Tennis balls are inexpensive and versatile, in that you can use them for most areas of the body.

General guidelines:

  • Avoid using tennis balls purchased from a pet shop (they are not good quality).
  • Use a yoga mat for padding and traction. Avoid wearing loose fitting clothing as they will just get tangled up as you move. Bare skin works best!
  • Do not place the balls directly on bony areas or over your joints.
  • Find a tender spot and relax your body weight down into the balls. Remain until the tenderness has subsided completely (you’ll still feel the pressure of the ball(s) of course, but it will no longer be painful). This may be anywhere from 20 seconds to a few minutes.
  • Relax and breathe – tensing up is not helpful. If it is impossible to relax, then control how much weight you allow to rest of the ball.or place a blanket between yourself and the balls to provide a little cushioning.
  • Tender areas may refer sensations or pain to other parts of the body or may just be felt in the area you are applying pressure to.
  • Test your range of motion and/or level of discomfort before you address a specific area and compare this to how it feels afterwards. There should be significant improvement.

Neck release

Good for releasing discomfort and tension from your neck and the upper trapezius muscle as well as tension headaches.

Place two tennis balls together in a sock or stocking and tie up the end so that there the balls do not move apart.

Locate the base of your skull on either side of the very top of the cervical spine (neck). Palpate with your fingers and notice that it is usually tender here. This is where the upper trapezius muscle feeds into the base of the skull.










Lie down and place the balls at the base of the skull. They should stay touching each other, so that they are close to – but not putting pressure on – the neck vertebrae.

Allow the head to be heavy and, relax your shoulders and jaw. Play around with tucking the chin in a little until you find the sweet spot!

Piriformis muscle

This is helpful for lower back & sacroiliac pain, pelvic asymmetry and knee pain.

The piriformis muscle runs from your sacrum to the top of your outer thigh bone. It is a deep, external rotator of the hip joint. It’s a commonly tender spot for most people. Find the centre of the fleshy part of the buttock (if the buttock where a square then you are aiming for the centre point). This will be a little off to the side of the sacrum as pictured.
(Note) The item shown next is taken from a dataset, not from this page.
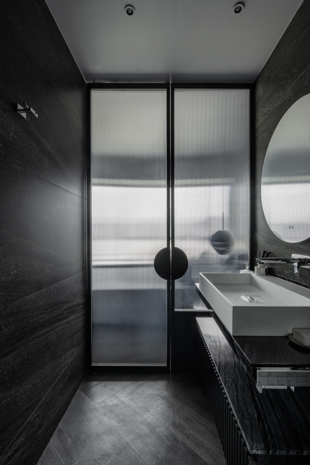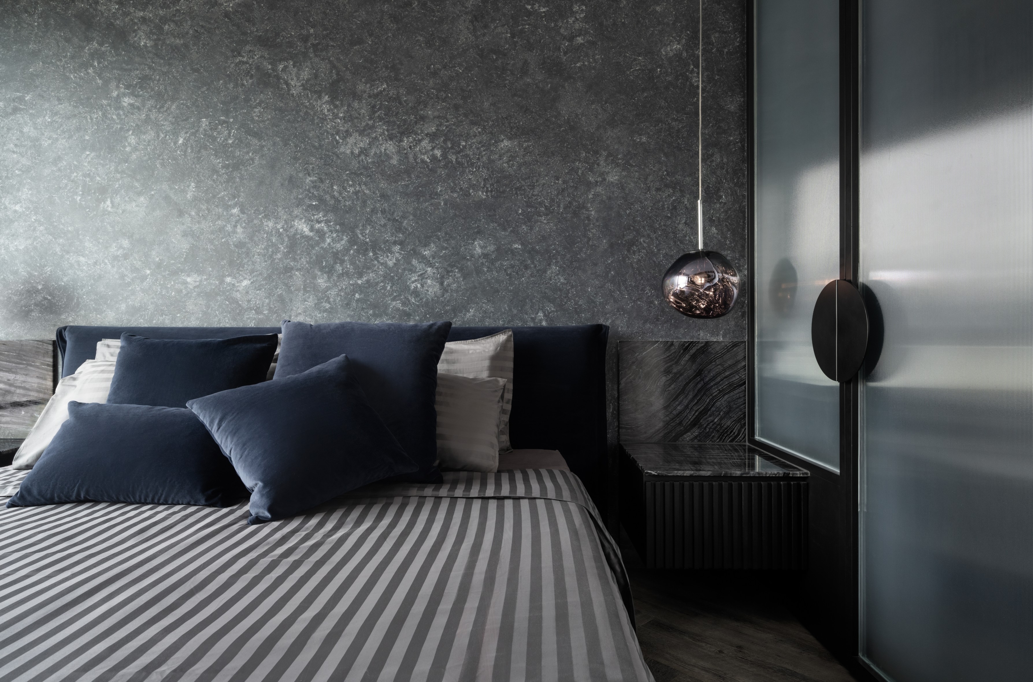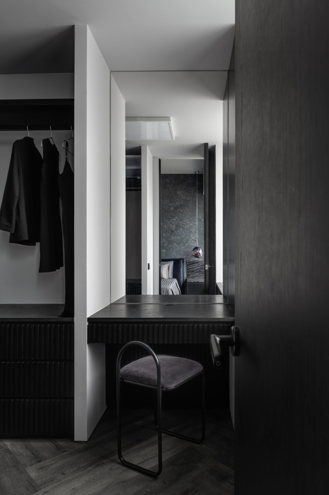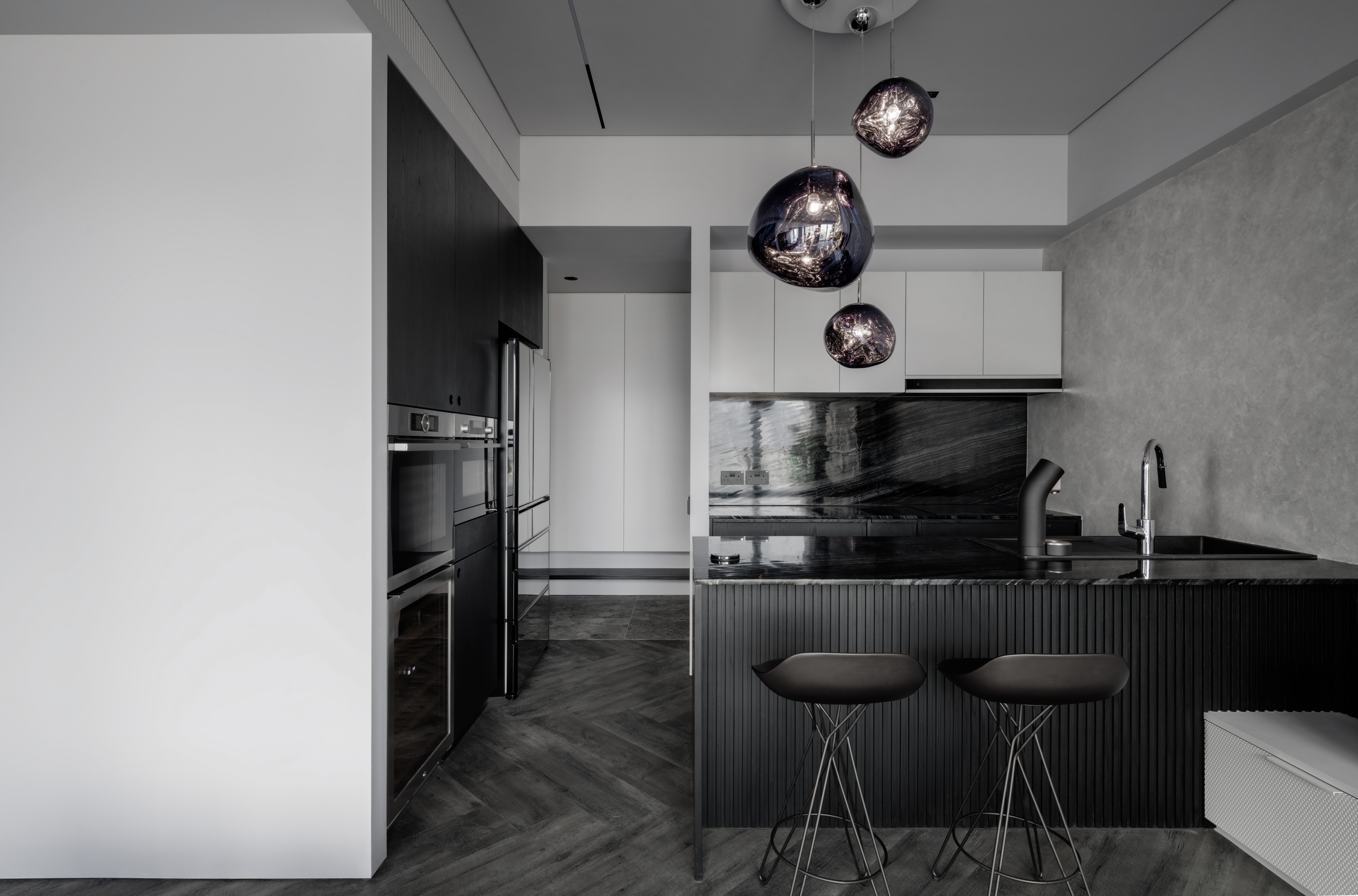 Living area to Master Bedroom are being formed into an open rectangle, corridor is blended and run through different zone, which breaks Inherent thinking on having room in function differentiation. With the open plan, sufficient sunlight is brought into this apartment, depict contrasts and redefine areas with invisible boundary.

Lie down on your back with your knees bent and the soles of the feet flat on the floor hip distance apart. Then place your right ankle just above the top of your left knee as shown. Keep your right foot flexed. Lift your hips in order to put the tennis ball on the mat then lower back down, allowing your body weight to sink into the ball. Relax! Lean the pelvis a little to the right (your left buttock will not be on the floor). Move around a little until you find a tender spot and hold still. Once this area releases, move a little to one side, or slightly up and down to seek out another spot. Repeat this process until the whole area feels softened and no longer tender then repeat the whole process repeat on the left side.

For a deeper release, from the lying down position, sit up and place your hands behind you for support, keeping the chest lifted. This will bring more body weight down into the area.